───── PROVIDED RECORDS ─────

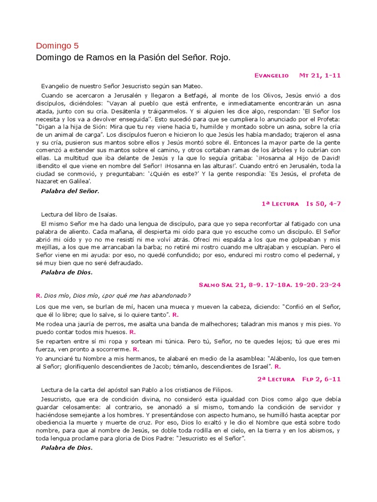 Domingo de Ramos en la Pasión del Señor. Rojo.
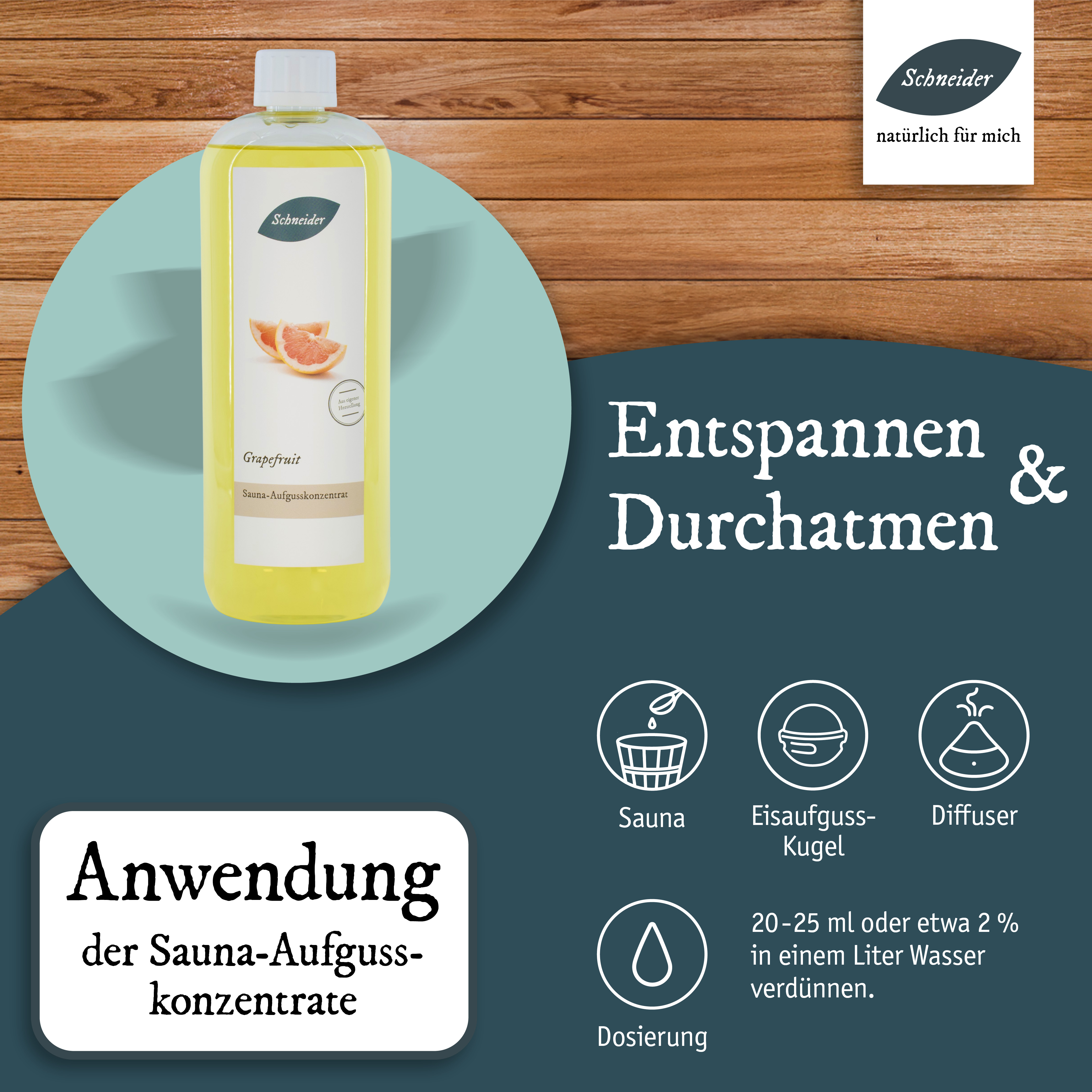 Der süßlich-herbe Duft des nach eigener Rezeptur hergestellten Saunaaufgusses Grapefruit wärmt und harmonisiert Körper und Seele. Lassen Sie sich vom angenehmen Grapefruitduft verführen und spüren Sie, wie dieser die Leichtigkeit in Ihnen zu Tage befördert. Anwendung: Die Dosierung der Aufgüsse kann abhängig sein von der Größe der Sauna, der Leistung der Heizelemente, den Vorlieben der Anwender und der Intensität der einzelnen Inhaltsstoffe (wie ätherischen Ölen, Ölgemischen oder Duftölen). Als Richtwert empfehlen wir ein bis zwei Esslöffel voll Aufgusskonzentrat oder 20 bis 25 ml Aufgusskonzentrat pro Liter Aufgusswasser. Je nach Belieben können Sie die Dosierung anpassen. Saunaaufgusskonzentrate sind sparsam zu verwenden und sollten nie pur auf die Aufgusssteine oder Heizelemente gegeben werden.
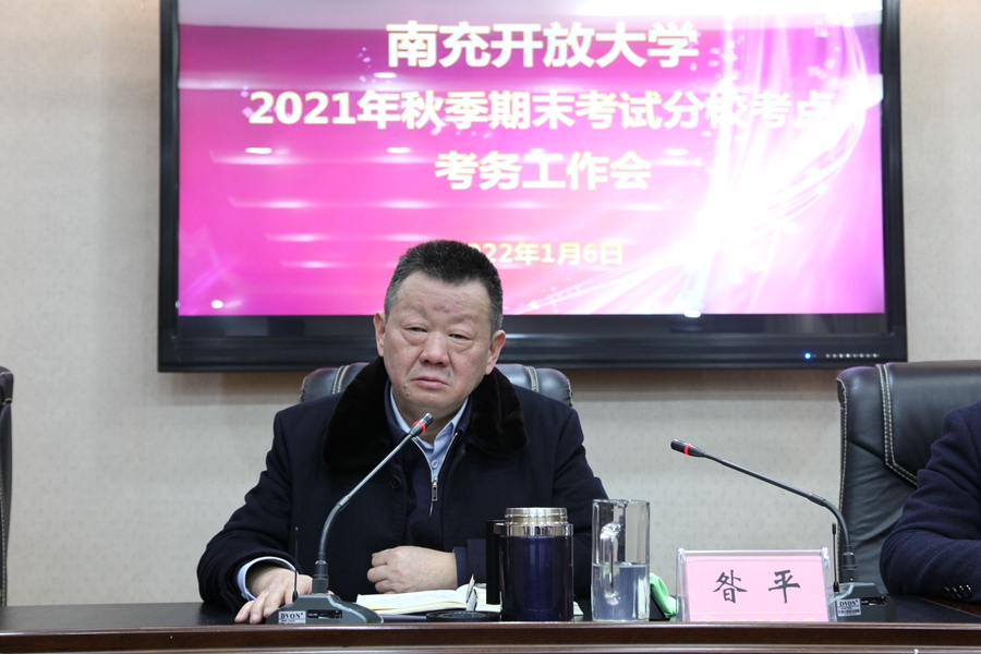 国家开放大学2021秋季期末考试将于1月8-9日进行,我校7个分校(学习中心)均设有考点,为保证2021年秋季分校考点期末考试工作的顺利进行,严格规范监考工作程序,2021年1月6日上午,南充开放大学召开了2021年秋季期末考试分校考点考务工作培训会。校党委书记、校长昝平、副校长曲阳、教务处处长游华奎、教务处副处长任璘、各分校主要领导及相关考务人员共计20余人参加了会议。会议由教务处处长游华奎主持。
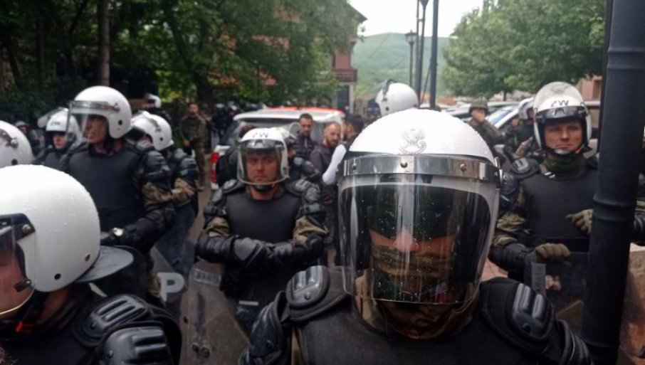 У Звечану, где од јутрос испред зграде општине протестују окупљени Срби, бачено је више од 30 шок бомби, а косовска полиција пуца из ватреног оружја.
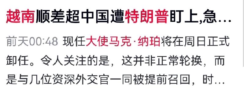 驻越大使突换人,特朗普的“生意算盘”打得响! 美驻越南大使马克·纳珀被召回,继任者是军人出身、外交经验丰富的麦克纳马拉。外界预期她态度将更加强硬。 为何换人?特朗普嫌纳珀在越南“没谈出足够好处”。数据显示,2025年越南对美贸易顺差已接近1340亿美元,成为美国最大顺差来源国。在美国加税背景下,这一数字令特朗普政府难以接受。 麦克纳马拉在听证会上已放话:必须整顿美越贸易。接下来,美国很可能推动重谈贸易协定,施压越南提高关税、扩大进口美国商品。 然而,美国是越南最大出口市场,越南会轻易让步吗?这场以“生意”为核心的外交博弈,刚刚拉开序幕。 对此你怎么看?
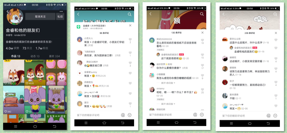 截止目前,“金睿和他的朋友们”抖音平台获赞4万,粉丝数量达到1.7万。疫情期间,小金睿为我们讲述了网课、宅家日记等多重故事,我们希望通过IP形象所倡导的教育内容,能更深刻的传递给孩子们,帮助父母科学地育儿育几。
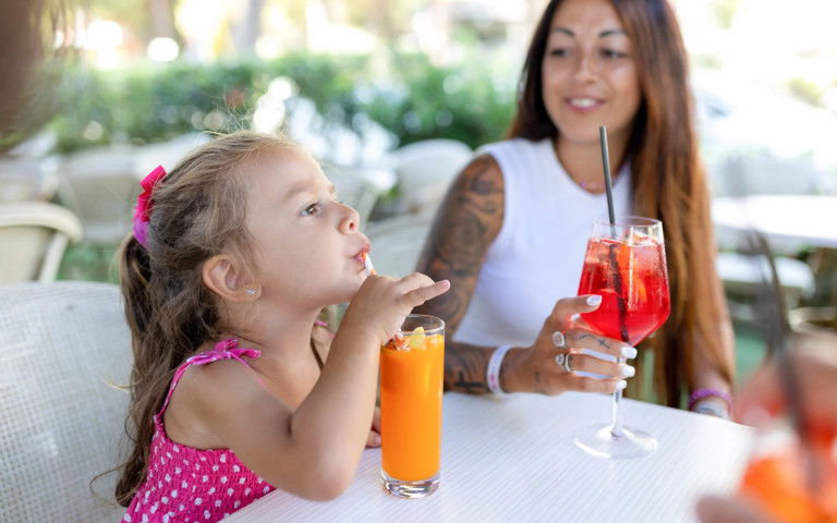 Con la nostra esclusiva formula Club Family All Inclusive®Open Bar H24, infatti, tutte le bevande, dall'acqua alla birra, dai succhi alla caffetteria analcolica, sono sempre incluse e illimitate per tutto il soggiorno e per tutta la famiglia! Ai pasti e lontano dai pasti, al bar a bordo piscina, in spiaggia o in giardino, da noi è sempre la perfetta occasione per alzare i calici e brindare a una magica vacanza estiva al mare insieme alla propria famiglia.
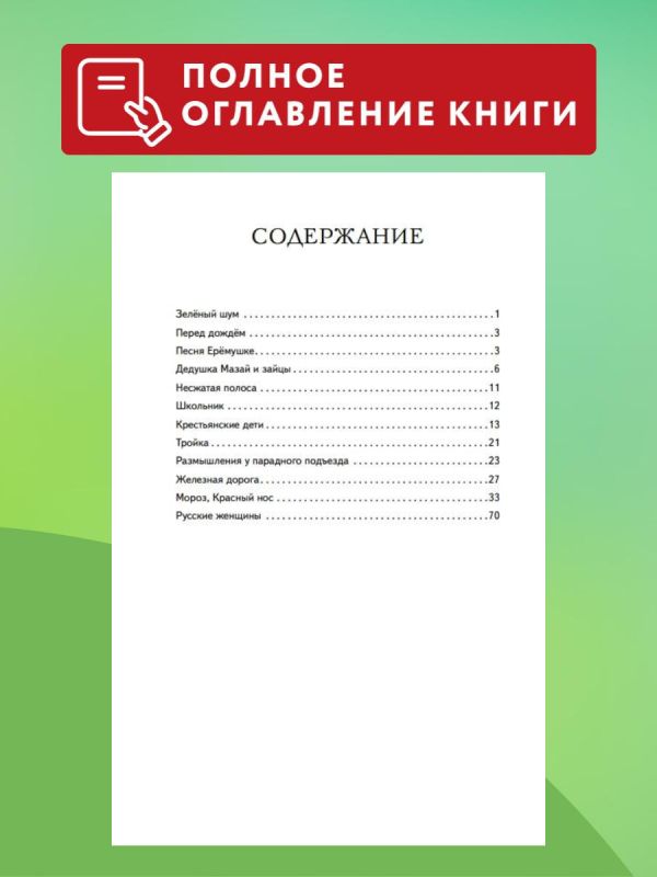 В сборник включены наиболее известные произведения одного из классиков русской поэзии XIX века Николая Некрасова. В их числе поэмы «Мороз, Красный нос» и «Русские женщины», а также программные стихотворения «Дедушка Мазай и зайцы», «Крестьянские дети» и другие.
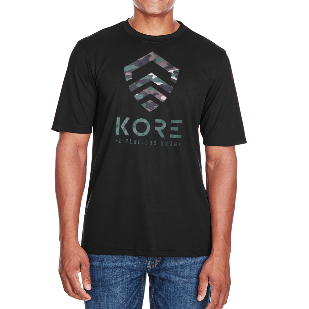 Features Kore Woodland Camo shield on the front with smaller Kore logo on back.
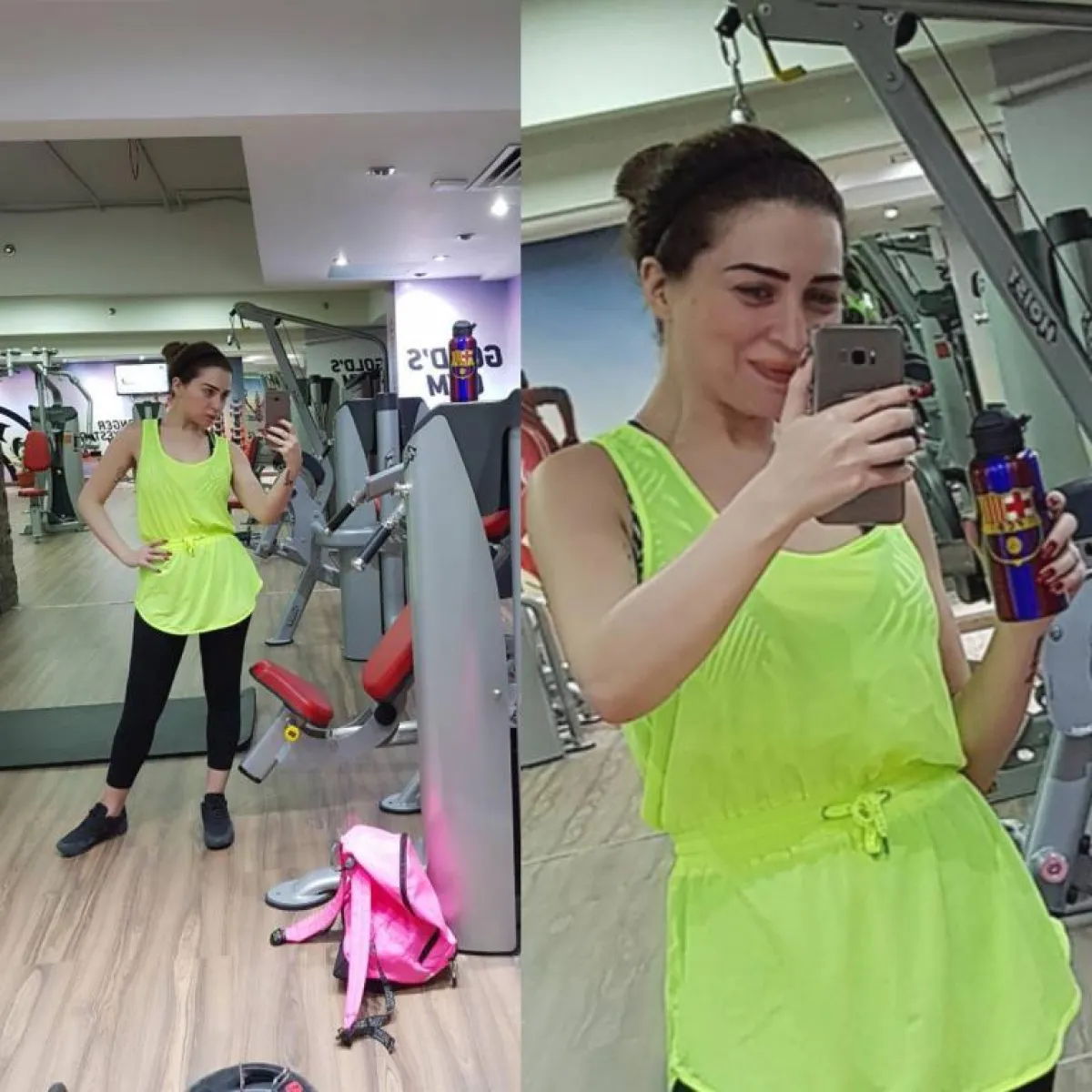 مي كعادتها مع الصور الخاصة، منعت تعليقات جمهورها، وبدت الصورة للوهلة الأولى، وكأنّها من جلسة التدريب الأولى نفسها، بخاصة وأنّها ارتدت الزيّ نفسه، ولكنّ الفارق بدا واضحًا في تسريحة الشعر، وارتداء حذاء رياضيّ باللون الأبيض، بدلًا من الحذاء الأسود في الجلسة الأولى، كما بدا واضحًا وجود فارق في عضلات الذراعين، وامتلاء واضح في الوجه.
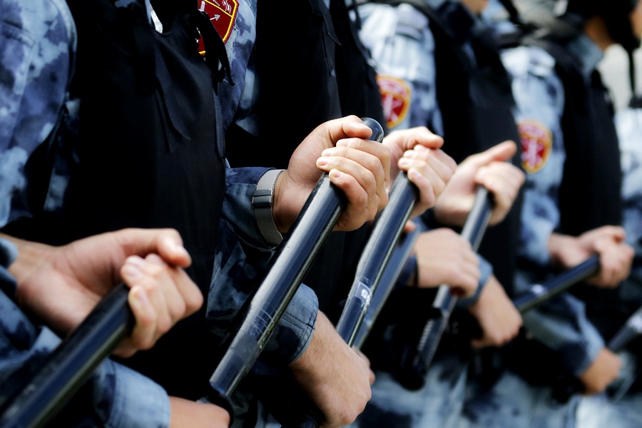 На друг площад по планирания маршрут на протеста, полицейски части за борба с безредици с шлемове, подредени в гъст строй, разпръскваха хората.
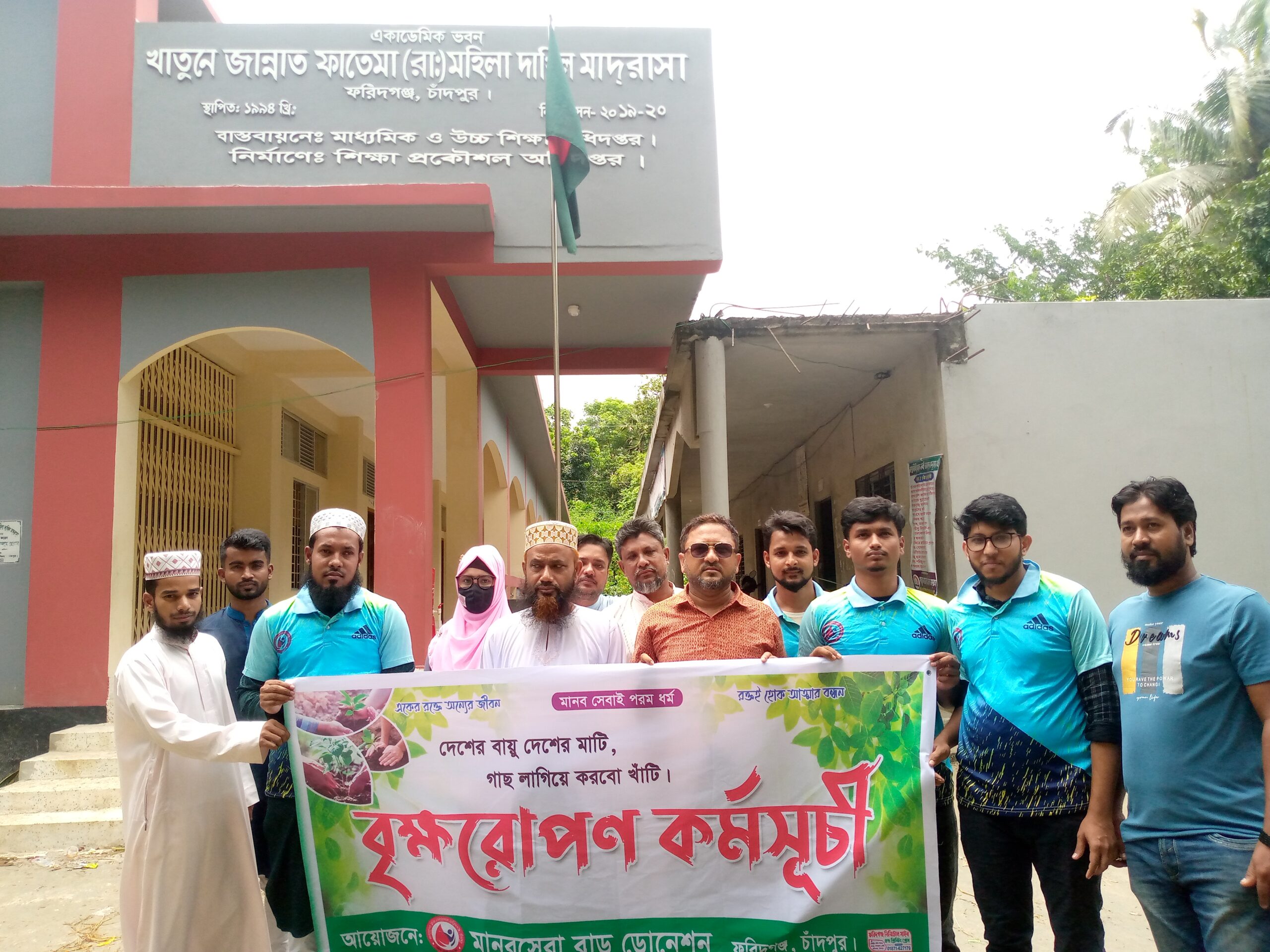 ফরিদগঞ্জ  মানবসেবা ব্লাড ডোনেশনের উদ্যেগে বৃক্ষরোপন কর্মসূচি পালিত হয়।
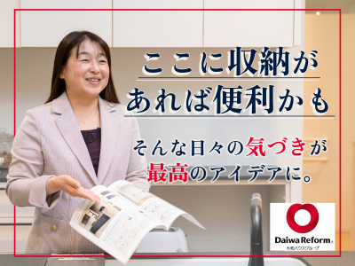 求めている人材 <業界未経験歓迎> 【必須条件】 ■高卒以上 ■普通自動車免許 ■マイカー持ち込みで勤務できる方(通勤・お客様先訪問のため/手当あり) 【歓迎条件】 ■営業経験のある方 ■お客様との信頼関係構築への意欲がある方 【歓迎する経験・資格】 ■リフォーム業界未経験でも、不動産業界・建築関係の営業をしていた方 ■宅地建物取引士、一級建築士・二級建築士、1・2級建築施工管理技士、インテリアコーディネーター等 ■建築系の資格をお持ちの方や設計・施工管理経験者 - \ 支えてくれる仲間がいます! / 異業種からの転職や未経験で始める人が多いのも特徴です。周りには、あなたと同じく未経験で始めた先輩達がいてサポートしてくれますし、一緒に仕事をする点検や設計、施工管理という技術のプロたちもいます。少しずつ専門知識を身につけ、案件ごとに経験を積みながら仕事に取り組んでみてください。気がつけば、あなた自身も「リフォームの専門家」の一人として成長している自分に気づくと思います。 - \ 社員インタビュー / ■企業規模や充実の福利厚生も魅力 東証プライム上場の大和ハウス工業を中心とする「大和ハウスグループ」のリフォーム専門会社ですから、安定性はいうまでもありません。そんな企業規模を背景に、もちろん福利厚生なども充実しています。とにかく安心して長く快適に働けるのが最大の魅力だと思います。 (リフォームアドバイザー・営業/入社6年目) ……… ■腰を据えて、安心して働ける。 過去の転職は、結婚した時や、子どもができたことで家族と過ごす時間をもう少し作りたいと考えた時など、労働環境が理由になることもありました。入社して、当社はその環境が整っていると、改めて実感します。リフォーム未経験の方はもちろん、リフォームの仕事が好きな人にもお勧めです。 (リフォームアドバイザー・営業/入社6年目) ……… ■家づくりに関わる仕事の中の花形! 住まいに関わる仕事の中で、営業はお客様のご要望を形にする大事な仕事です。お客様の望みを実現し、信頼をいただくことで成果が上がり、お客様にも喜んでいただける。そして、それを頑張った分だけ、評価される。良い循環を生むことができる、すごく恵まれた環境・仕事だと思います。 (リフォームアドバイザー・営業/入社12年目)

─────

-- TASK DESCRIPTION --
Would you give the entries above again verbatim, omitting the images they contain?

-- EXPECTED OUTPUT --
 Domingo de Ramos en la Pasión del Señor. Rojo.
 Der süßlich-herbe Duft des nach eigener Rezeptur hergestellten Saunaaufgusses Grapefruit wärmt und harmonisiert Körper und Seele. Lassen Sie sich vom angenehmen Grapefruitduft verführen und spüren Sie, wie dieser die Leichtigkeit in Ihnen zu Tage befördert. Anwendung: Die Dosierung der Aufgüsse kann abhängig sein von der Größe der Sauna, der Leistung der Heizelemente, den Vorlieben der Anwender und der Intensität der einzelnen Inhaltsstoffe (wie ätherischen Ölen, Ölgemischen oder Duftölen). Als Richtwert empfehlen wir ein bis zwei Esslöffel voll Aufgusskonzentrat oder 20 bis 25 ml Aufgusskonzentrat pro Liter Aufgusswasser. Je nach Belieben können Sie die Dosierung anpassen. Saunaaufgusskonzentrate sind sparsam zu verwenden und sollten nie pur auf die Aufgusssteine oder Heizelemente gegeben werden.
 国家开放大学2021秋季期末考试将于1月8-9日进行,我校7个分校(学习中心)均设有考点,为保证2021年秋季分校考点期末考试工作的顺利进行,严格规范监考工作程序,2021年1月6日上午,南充开放大学召开了2021年秋季期末考试分校考点考务工作培训会。校党委书记、校长昝平、副校长曲阳、教务处处长游华奎、教务处副处长任璘、各分校主要领导及相关考务人员共计20余人参加了会议。会议由教务处处长游华奎主持。
 У Звечану, где од јутрос испред зграде општине протестују окупљени Срби, бачено је више од 30 шок бомби, а косовска полиција пуца из ватреног оружја.
 驻越大使突换人,特朗普的“生意算盘”打得响! 美驻越南大使马克·纳珀被召回,继任者是军人出身、外交经验丰富的麦克纳马拉。外界预期她态度将更加强硬。 为何换人?特朗普嫌纳珀在越南“没谈出足够好处”。数据显示,2025年越南对美贸易顺差已接近1340亿美元,成为美国最大顺差来源国。在美国加税背景下,这一数字令特朗普政府难以接受。 麦克纳马拉在听证会上已放话:必须整顿美越贸易。接下来,美国很可能推动重谈贸易协定,施压越南提高关税、扩大进口美国商品。 然而,美国是越南最大出口市场,越南会轻易让步吗?这场以“生意”为核心的外交博弈,刚刚拉开序幕。 对此你怎么看?
 截止目前,“金睿和他的朋友们”抖音平台获赞4万,粉丝数量达到1.7万。疫情期间,小金睿为我们讲述了网课、宅家日记等多重故事,我们希望通过IP形象所倡导的教育内容,能更深刻的传递给孩子们,帮助父母科学地育儿育几。
 Con la nostra esclusiva formula Club Family All Inclusive®Open Bar H24, infatti, tutte le bevande, dall'acqua alla birra, dai succhi alla caffetteria analcolica, sono sempre incluse e illimitate per tutto il soggiorno e per tutta la famiglia! Ai pasti e lontano dai pasti, al bar a bordo piscina, in spiaggia o in giardino, da noi è sempre la perfetta occasione per alzare i calici e brindare a una magica vacanza estiva al mare insieme alla propria famiglia.
 В сборник включены наиболее известные произведения одного из классиков русской поэзии XIX века Николая Некрасова. В их числе поэмы «Мороз, Красный нос» и «Русские женщины», а также программные стихотворения «Дедушка Мазай и зайцы», «Крестьянские дети» и другие.
 Features Kore Woodland Camo shield on the front with smaller Kore logo on back.
 مي كعادتها مع الصور الخاصة، منعت تعليقات جمهورها، وبدت الصورة للوهلة الأولى، وكأنّها من جلسة التدريب الأولى نفسها، بخاصة وأنّها ارتدت الزيّ نفسه، ولكنّ الفارق بدا واضحًا في تسريحة الشعر، وارتداء حذاء رياضيّ باللون الأبيض، بدلًا من الحذاء الأسود في الجلسة الأولى، كما بدا واضحًا وجود فارق في عضلات الذراعين، وامتلاء واضح في الوجه.
 На друг площад по планирания маршрут на протеста, полицейски части за борба с безредици с шлемове, подредени в гъст строй, разпръскваха хората.
 ফরিদগঞ্জ  মানবসেবা ব্লাড ডোনেশনের উদ্যেগে বৃক্ষরোপন কর্মসূচি পালিত হয়।
 求めている人材 <業界未経験歓迎> 【必須条件】 ■高卒以上 ■普通自動車免許 ■マイカー持ち込みで勤務できる方(通勤・お客様先訪問のため/手当あり) 【歓迎条件】 ■営業経験のある方 ■お客様との信頼関係構築への意欲がある方 【歓迎する経験・資格】 ■リフォーム業界未経験でも、不動産業界・建築関係の営業をしていた方 ■宅地建物取引士、一級建築士・二級建築士、1・2級建築施工管理技士、インテリアコーディネーター等 ■建築系の資格をお持ちの方や設計・施工管理経験者 - \ 支えてくれる仲間がいます! / 異業種からの転職や未経験で始める人が多いのも特徴です。周りには、あなたと同じく未経験で始めた先輩達がいてサポートしてくれますし、一緒に仕事をする点検や設計、施工管理という技術のプロたちもいます。少しずつ専門知識を身につけ、案件ごとに経験を積みながら仕事に取り組んでみてください。気がつけば、あなた自身も「リフォームの専門家」の一人として成長している自分に気づくと思います。 - \ 社員インタビュー / ■企業規模や充実の福利厚生も魅力 東証プライム上場の大和ハウス工業を中心とする「大和ハウスグループ」のリフォーム専門会社ですから、安定性はいうまでもありません。そんな企業規模を背景に、もちろん福利厚生なども充実しています。とにかく安心して長く快適に働けるのが最大の魅力だと思います。 (リフォームアドバイザー・営業/入社6年目) ……… ■腰を据えて、安心して働ける。 過去の転職は、結婚した時や、子どもができたことで家族と過ごす時間をもう少し作りたいと考えた時など、労働環境が理由になることもありました。入社して、当社はその環境が整っていると、改めて実感します。リフォーム未経験の方はもちろん、リフォームの仕事が好きな人にもお勧めです。 (リフォームアドバイザー・営業/入社6年目) ……… ■家づくりに関わる仕事の中の花形! 住まいに関わる仕事の中で、営業はお客様のご要望を形にする大事な仕事です。お客様の望みを実現し、信頼をいただくことで成果が上がり、お客様にも喜んでいただける。そして、それを頑張った分だけ、評価される。良い循環を生むことができる、すごく恵まれた環境・仕事だと思います。 (リフォームアドバイザー・営業/入社12年目)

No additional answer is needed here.